Fine-tuning multilingual BERT for sequence classification with Trainer API

mu1990 · November 29, 2023, 7:46pm

Hi,

Im fine-tuning multilingual bert for sequence classification as this [CLS] context [SEP] choice [SEP] [PAD] …

Im using the Trainer API

batch_size = 8 # probar con 32
num_train_epochs = 6
logging_steps = len(encoded_datasets['train']) // (2 * batch_size * num_train_epochs)

training_args = TrainingArguments(
    output_dir="results",
    overwrite_output_dir=True,
    num_train_epochs=num_train_epochs,
    learning_rate=0.01, # {5e-5, 3e-5, 2e-5, 0.1}
    per_device_train_batch_size=batch_size,
    per_device_eval_batch_size=batch_size,
    load_best_model_at_end=True,
    metric_for_best_model="accuracy",
    warmup_steps=500,
    weight_decay=0.1, # {0, 0.01, 0.1}
    evaluation_strategy="epoch",
    save_strategy="epoch",
    logging_steps=logging_steps,
)

def compute_metrics(eval_pred):
    metric = evaluate.load("accuracy")
    logits, labels = eval_pred
    logitsTensors = torch.from_numpy(logits)
    print('eval_pred:', eval_pred)
    print('-'*40)
    print('logits:', logits)
    print('-'*40)
    print('labels:', labels)
    print('-'*40)
    probabilities = torch.softmax(logitsTensors, dim=1)
    predictions = torch.argmax(probabilities, dim=1) # [1, 0, 0, 1...] axis=-1
    print('predictions: ', predictions)
    # return {"accuracy": np.mean(predictions == labels)}
    return metric.compute(predictions=predictions, references=labels)

trainer = Trainer(
    model=model,
    args=training_args,
    train_dataset=encoded_datasets['train'], #encoded_datasets['train'],
    eval_dataset=encoded_datasets['validation'], #encoded_datasets['validation'],
    #data_collator=data_collator,
    tokenizer=tokenizer,
    # id2label=id2label,
    # label2id=label2id,
    compute_metrics=compute_metrics
)

I have experimented with different parameters but I almost always get 0.5 in accuracy and my training and validation loss stays almost the same.

What could this mean?

could you recommend me some guideline?

Thank you!

jeevisha30 · December 1, 2023, 6:14pm

Can you share your training script?

mu1990 · December 1, 2023, 7:44pm

Hi, thank you for your answer.

I don’t have any training script, I was hoping to train the model through Trainer as shown, without the Pytorch training loop.

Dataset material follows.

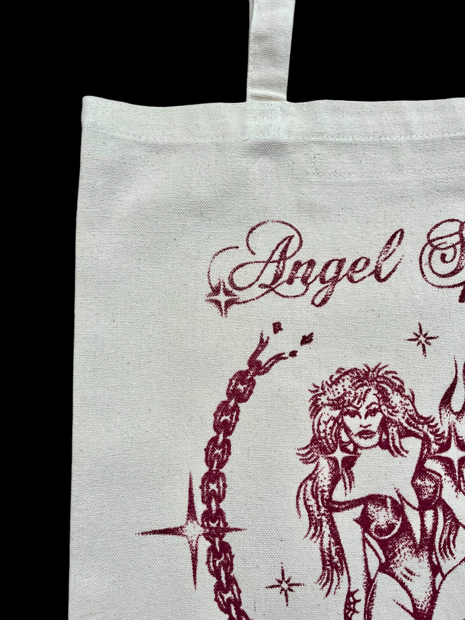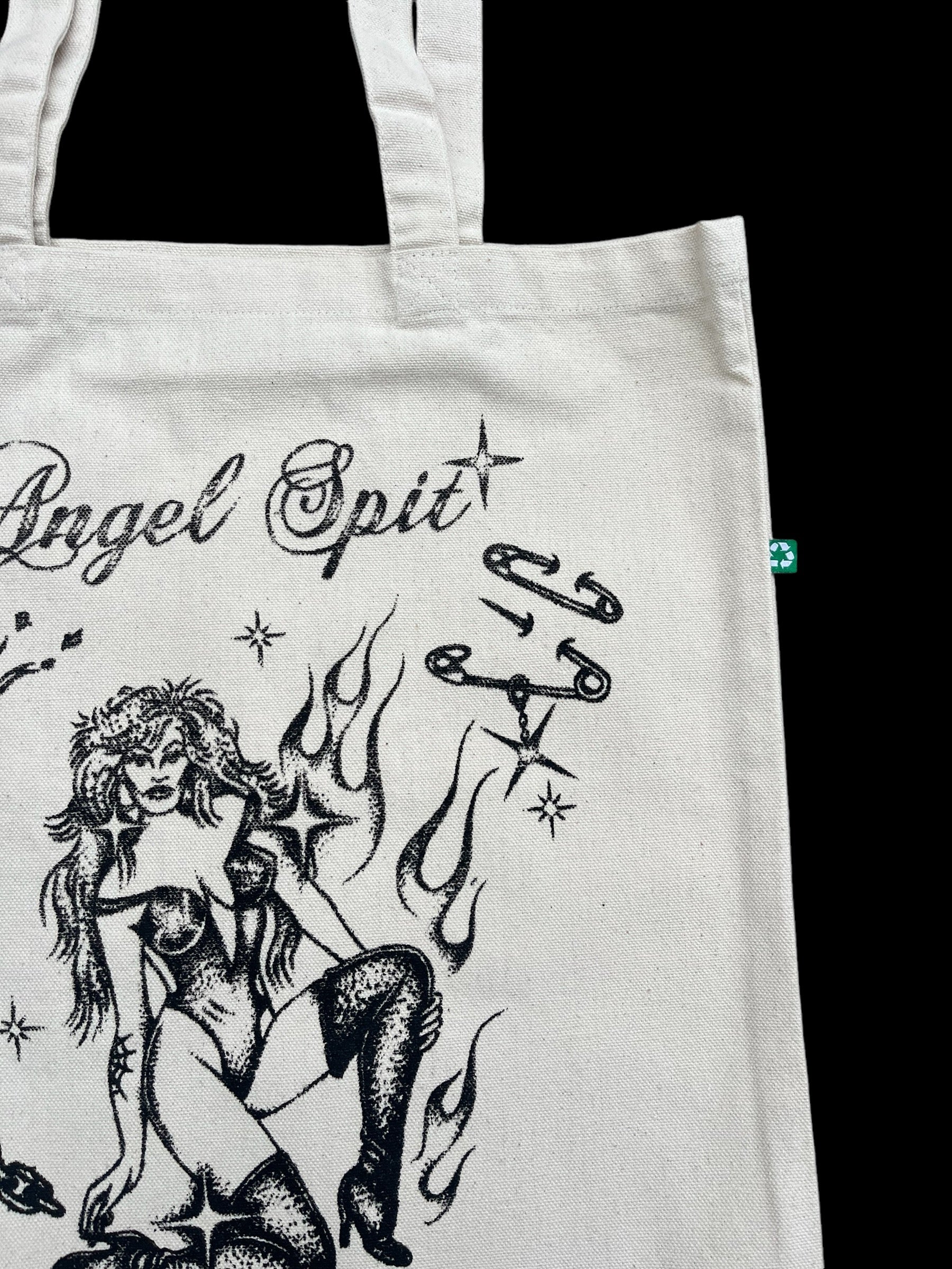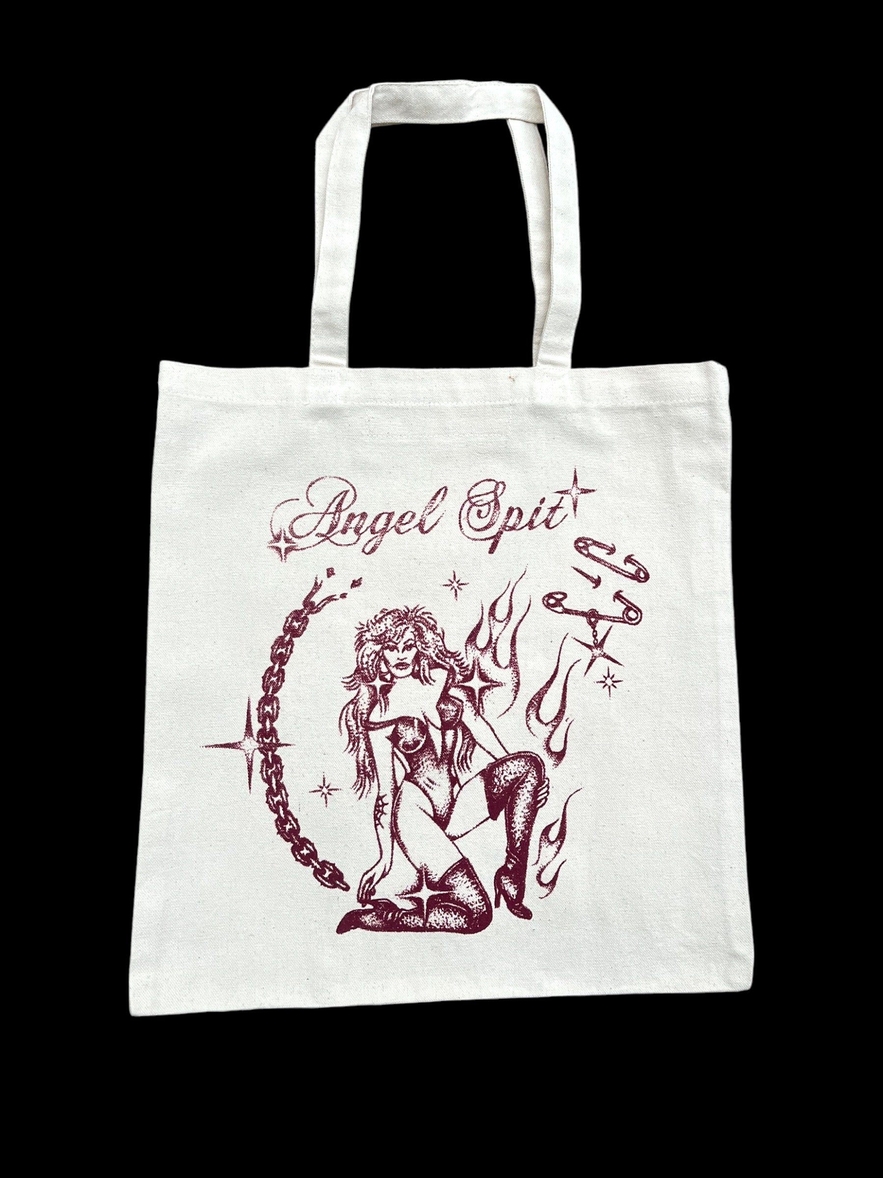 Angel Spit chain baddie tote-- locally screenprinted on eco-friendly canvas bags
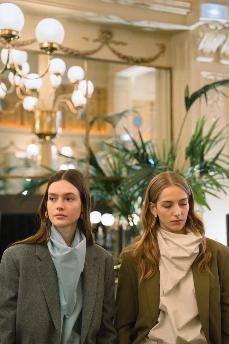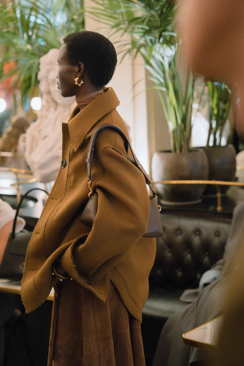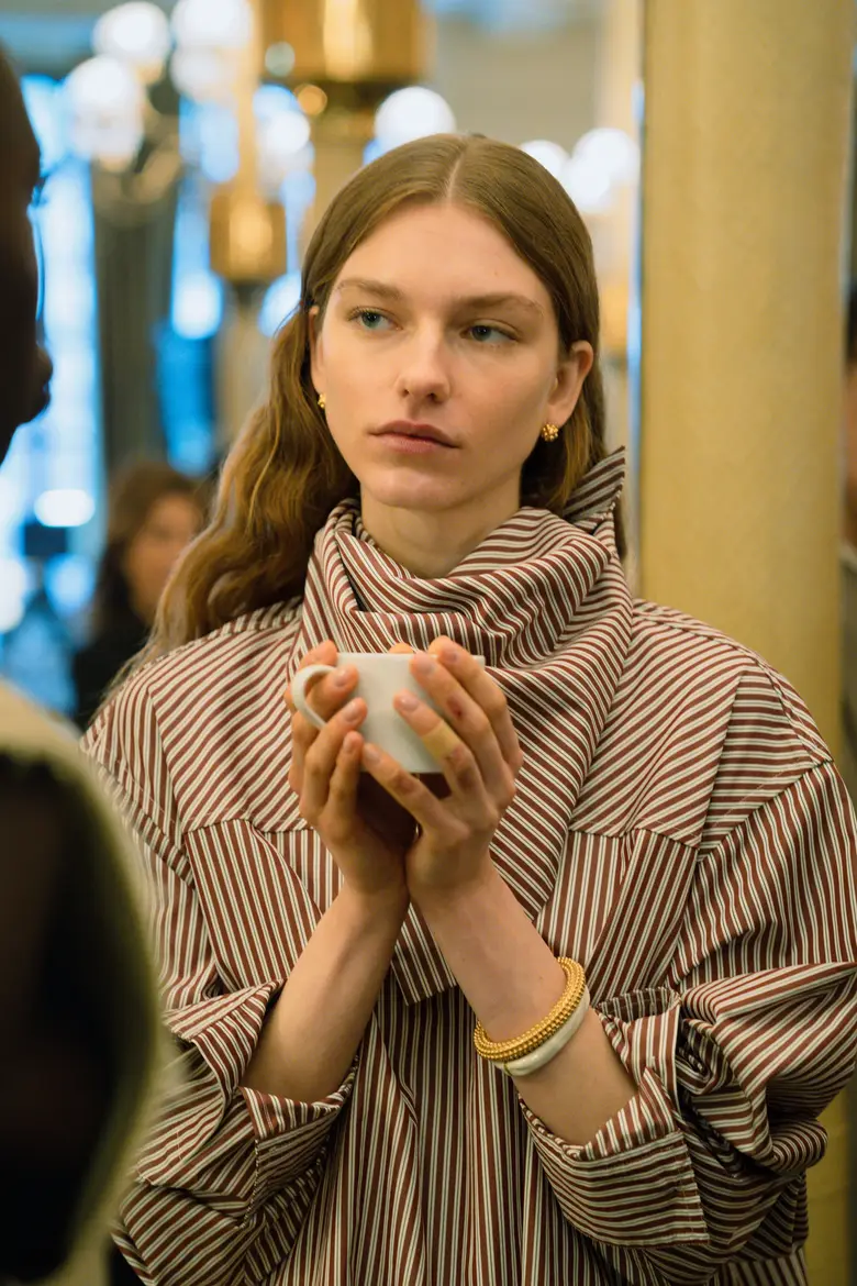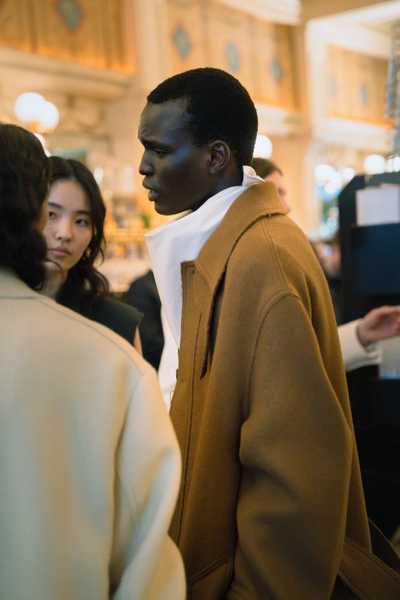 プレゼンテーションは朝から昼下がりにかけて開催され、ゲストには朝食がサーブされる中、モデルたちは互いに会話を交わしながら優雅にたたずむ。その温もりある空間演出で、空気そのもので語る構成が、コレクションの本質を際立たせていた。

Is this approach correct?

accuracy always stuck in 50%, what could that mean?

jeevisha30 · December 5, 2023, 10:56pm

can you try this and see what is your accuracy coming out to be?

    logits, labels = p
    logits = logits.tolist()
    labels = labels.tolist()
    pred = np.argmax(logits, axis=1).tolist()
    
    logits_tensor = torch.tensor(logits)
    prob = torch.nn.functional.softmax(logits_tensor, dim=-1).tolist()
    accuracy = accuracy_score(y_true=labels, y_pred=pred)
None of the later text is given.